Some of Ctrip’s growth will happen through additional acquisition at some point. Sun explained the necessary conditions: The Skyscanner acquisition aside, Ctrip historically “always makes investments when the market has a downturn and we can establish leadership in a strategic area, such as major chain hotels… [We like it] when markets have lost confidence, but we know a target company has strong fundamentals. Historically these investments have generated double, triple, or even ten-times returns.”
Sun then said it has not decided to what extent Ctrip will stick with that pattern.

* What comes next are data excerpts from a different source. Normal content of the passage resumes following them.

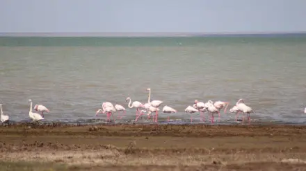 “Flamingos choose saline lakes for living and nesting, where they find food. They filter silt and water through their beaks, feeding on small crustaceans, mollusks, insect larvae, and plant seeds. To do this, they make characteristic side-to-side head movements, as if mowing grass. Their main food is the brine shrimp Artemia salina,” the reserve reminded.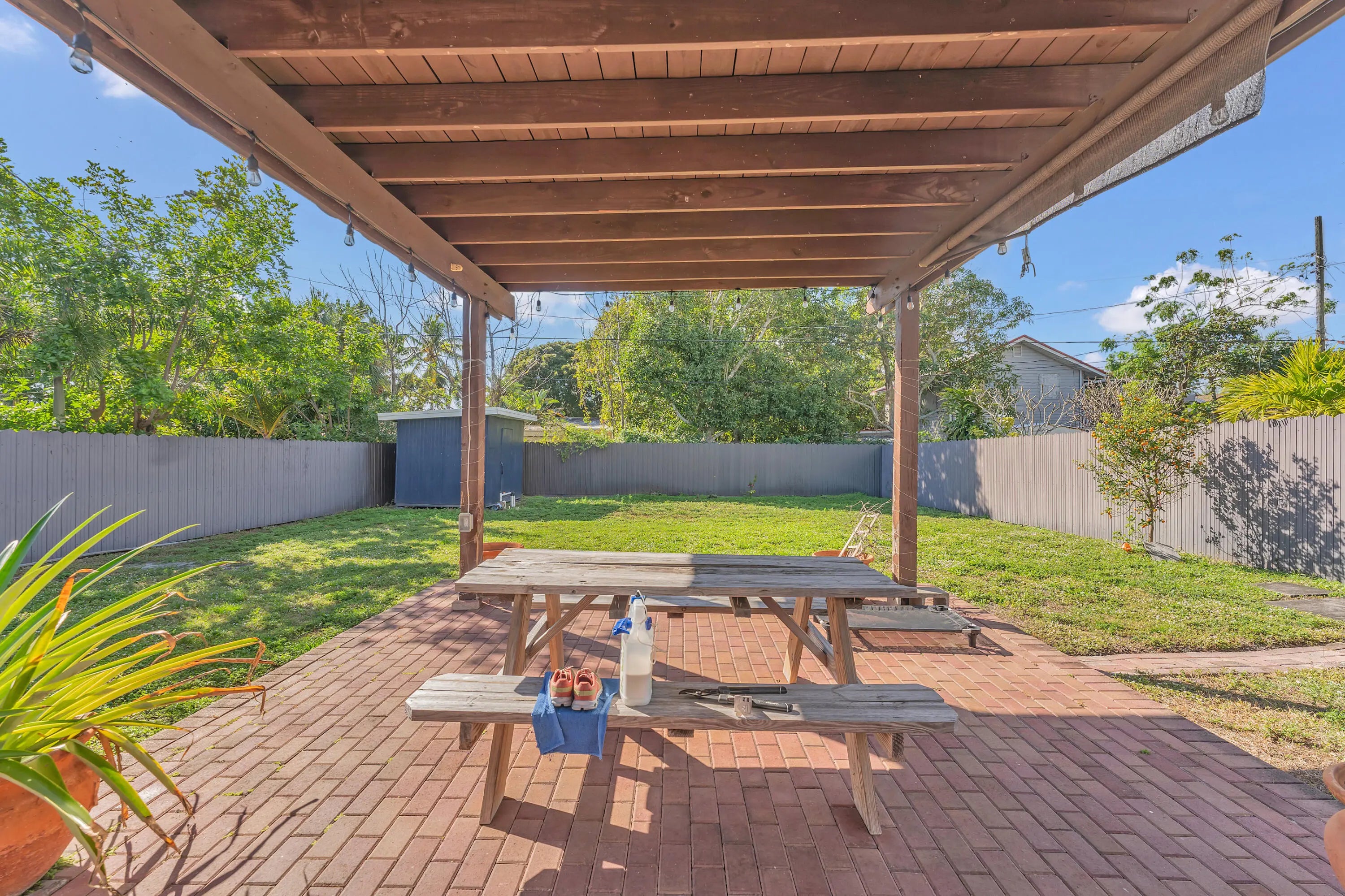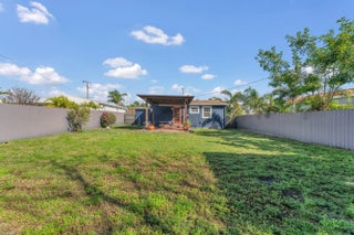 Just 3 miles from the beach! No HOA, Charming 2-bed, 1-bath home offering privacy, comfort, and convenience. Features a newer gate and fence, spacious backyard with a kumquat/tart orange tree, perfect for entertaining or relaxing outdoors. Prime location near shopping, I-95, the zoo, PBI Airport, and downtown. Recent updates include a fully renovated kitchen (2021), new interior/exterior paint, flooring, doors, remodeled bathroom, shed, and front gate. A/C (approx. 6 yrs) and water heater (5 yrs) well-maintained. Home feels larger than the stated square footage, with room to add a pool.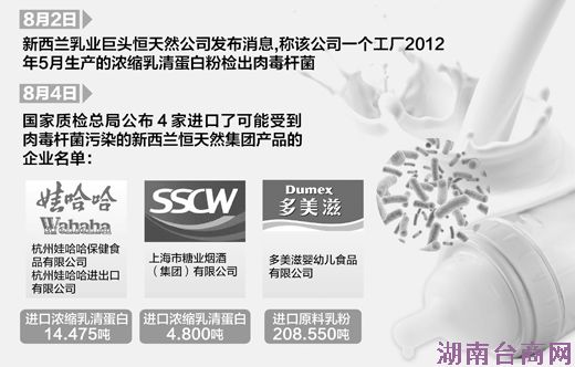 新西兰乳业巨头恒天然公司日前通报部分产品检出肉毒杆菌,引起国内消费者广泛关注。8月4日,国家质检总局公布了4家进口了可能受到肉毒杆菌污染的新西兰恒天然集团产品的企业。目前,有关部门已开展检测、封存工作,涉及企业也已经对问题产品采取追查、召回等措施。

And the statement itself suggests that Ctrip may bide its time to see how market conditions change in the segments it is interested in penetrating further.
Ctrip continues to bet on the growth of outbound travel. About 120 million Chinese tourists went abroad in 2016, and Ctrip forecasts an 11 percent-a-year compound annual growth rate for that metric, which it believes it will benefit from.
To cater to overseas travel, the flagship online travel agency has added new products and services in 2016, such as online travel guides to destinations, parking reservations at select airports, and currency exchange services. It also made investments in Mandarin-speaking “destination services” abroad such as a tour guide company and a car service provider.
Ctrip has also been innovating in other products, it says. One of its key initiatives has been to enable dynamic group tours, representing 300 percent year-over-year growth. It pools together individuals into groups and offers help from local experts. More than 10 million individual travelers signed up for this service in 2016.
Package tours are also a fast-growing product for the company thanks to new experiential themes. “We’ve seen more and more Chinese outbound travelers participating in thematic tours, such as skiing, studying, and medical tourism,” said Cindy Wang, chief financial officer. On the latter, health care trips grew over 500 percent year-over-year, she said.
While Ctrip has had a basic emergency service since 2011, it has in the past year rolled out an emergency response team that is able to locate and help customers in natural disasters and other crises.
The company has also been mimicking some of Booking.com’s and Expedia’s back-end services for hoteliers by adding tools for marketing, customer service, data analysis, and rate-setting.
James Liang, executive chairman, noted that the company continues to do on the unglamorous but vital work of converting more website visitors into buyers, particularly of hotel stays. In 2016, its accommodation reservation revenues were $1.1 billion, representing a 58 percent increase from 2015 and 37 percent of the total revenues in 2016.
As a side note: In 2014, Priceline Group invested about $500 million in Ctrip and it now has the option to buy as much as 15 percent of Ctrip’s outstanding shares.